Data in this exercise:
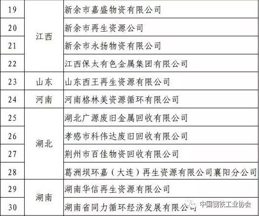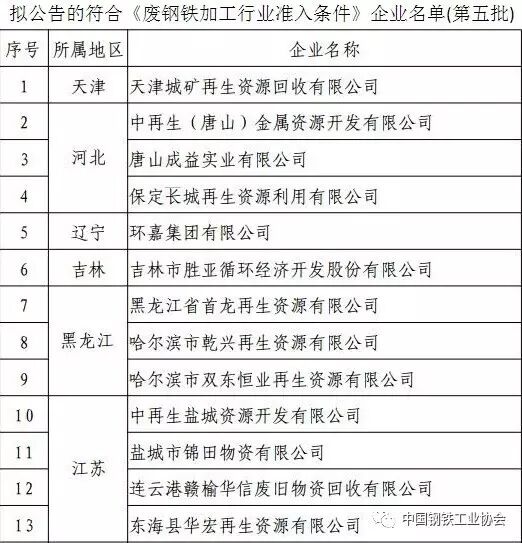 工信部:《废钢铁加工行业准入条件》企业名单(第五批)公示:
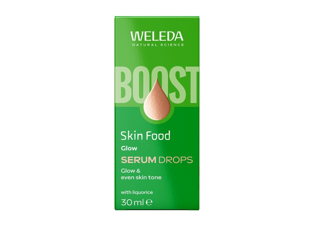 Skin Food Glow Serum Drops dodává pleti okamžitý jas, zdravý vzhled a sjednocený tón. Spojuje rozjasňující pigmenty s aktivními rostlinnými složkami pro svěží, přirozeně zářivý efekt během několika vteřin. Extrakt z lékořice a listů ječmene působí antioxidačně, zklidňuje a pomáhá redukovat pigmentaci. Minerální pigmenty pleť opticky projasňují. Sérum hydratuje a chrání před oxidačním stresem. Lehká textura se rychle vstřebává a umožňuje multifunkční použití – samostatně, s krémem nebo jako rozjasňující booster do make-upu.
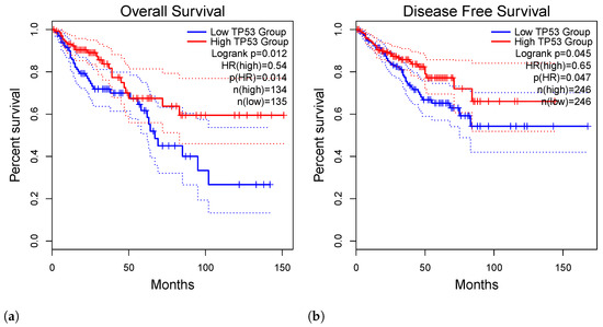 - Kandioler-Eckersberger, D.; Ludwig, C.; Rudas, M.; Kappel, S.; Janschek, E.; Wenzel, C.; Schlagbauer-Wadl, H.; Mittlböck, M.; Gnant, M.; Steger, G.; et al. TP53 mutation and p53 overexpression for prediction of response to neoadjuvant treatment in breast cancer patients. Clin. Cancer Res. 2000, 6, 50–56. [Google Scholar]
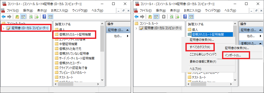 [証明書(ローカルコンピューター)]を選択して、[信頼されたルート証明機関]を右クリックします。[すべてのタスク]を選択し[インポート]を選択します。
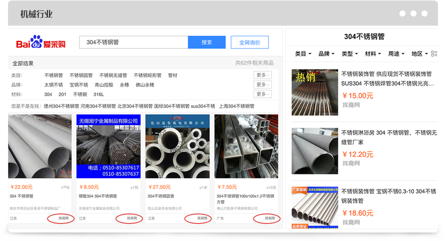 百度愛采購(b2b.baidu.com)是百度旗下的B2B垂直搜索引擎平臺,找商網是百度愛采購官方授權合作伙伴。
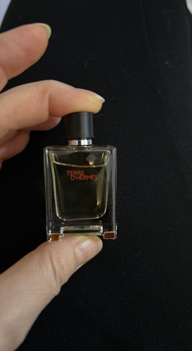 Terre d'Hermès erkek parfümü, koyu bej renkte sıvı ve minimalist şeffaf cam şişeye sahiptir. Sade tasarımı karşıt kültür tarzını yansıtır.
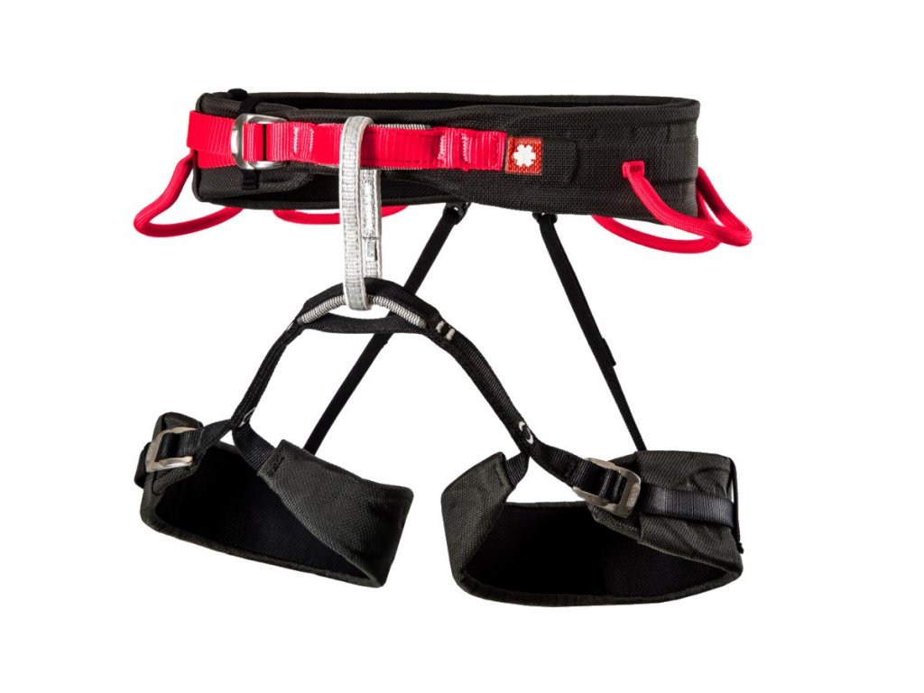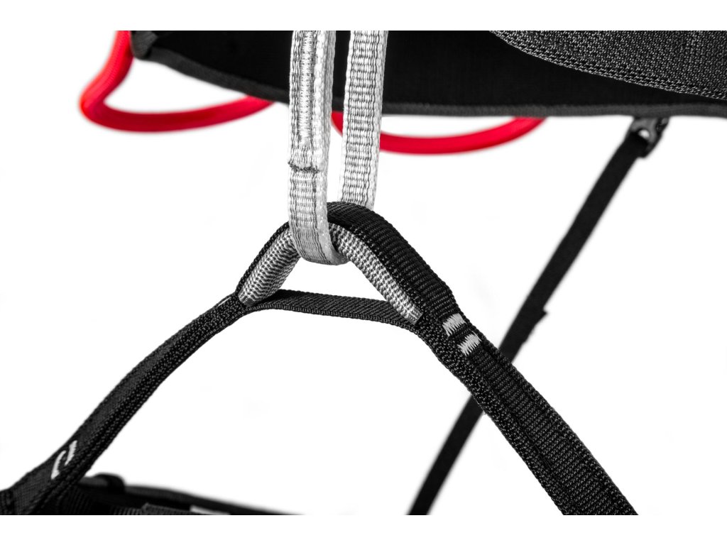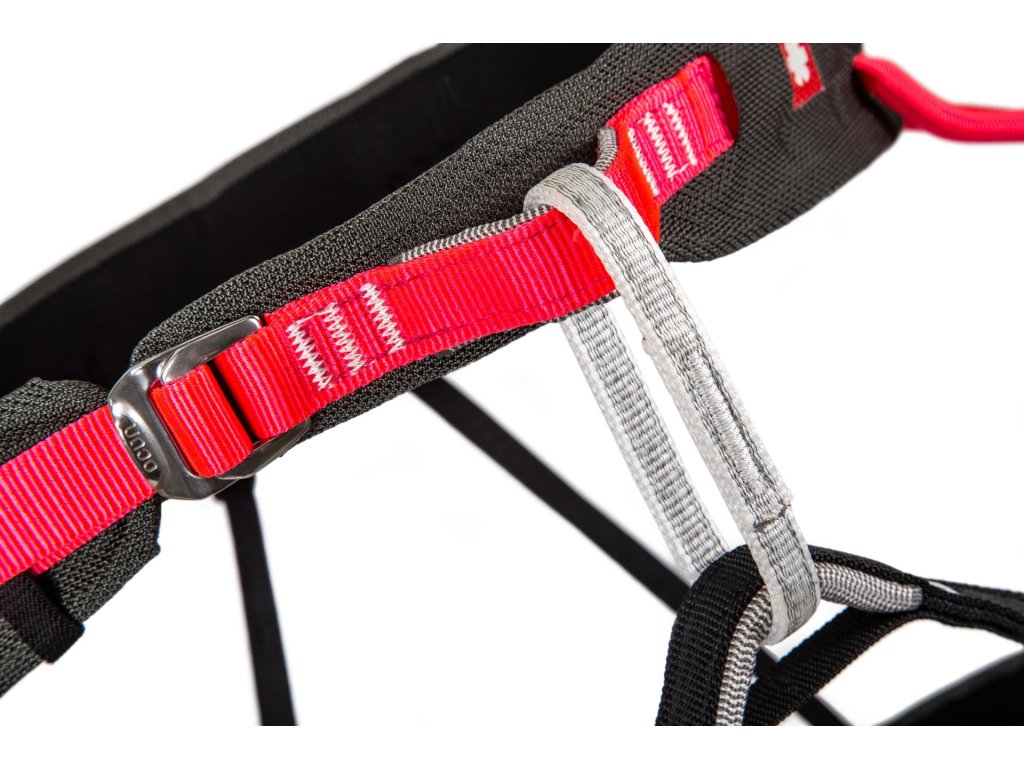 Třípřezkový systém z nerezové oceli (SS-420J2) umožňuje přesné a bezpečné nastavení. Úvazek je doplněn o pět poutek na vybavení, která jsou strategicky rozmístěna pro snadný přístup k expreskám, jistítku či dalšímu materiálu.

Task:
Repeat only what lies between the start of the data and the end of the line containing "Terre d'Hermès erkek", exactly, with pictures left out.

Result of the exercise:
 工信部:《废钢铁加工行业准入条件》企业名单(第五批)公示:
 Skin Food Glow Serum Drops dodává pleti okamžitý jas, zdravý vzhled a sjednocený tón. Spojuje rozjasňující pigmenty s aktivními rostlinnými složkami pro svěží, přirozeně zářivý efekt během několika vteřin. Extrakt z lékořice a listů ječmene působí antioxidačně, zklidňuje a pomáhá redukovat pigmentaci. Minerální pigmenty pleť opticky projasňují. Sérum hydratuje a chrání před oxidačním stresem. Lehká textura se rychle vstřebává a umožňuje multifunkční použití – samostatně, s krémem nebo jako rozjasňující booster do make-upu.
 - Kandioler-Eckersberger, D.; Ludwig, C.; Rudas, M.; Kappel, S.; Janschek, E.; Wenzel, C.; Schlagbauer-Wadl, H.; Mittlböck, M.; Gnant, M.; Steger, G.; et al. TP53 mutation and p53 overexpression for prediction of response to neoadjuvant treatment in breast cancer patients. Clin. Cancer Res. 2000, 6, 50–56. [Google Scholar]
 [証明書(ローカルコンピューター)]を選択して、[信頼されたルート証明機関]を右クリックします。[すべてのタスク]を選択し[インポート]を選択します。
 百度愛采購(b2b.baidu.com)是百度旗下的B2B垂直搜索引擎平臺,找商網是百度愛采購官方授權合作伙伴。
 Terre d'Hermès erkek parfümü, koyu bej renkte sıvı ve minimalist şeffaf cam şişeye sahiptir. Sade tasarımı karşıt kültür tarzını yansıtır.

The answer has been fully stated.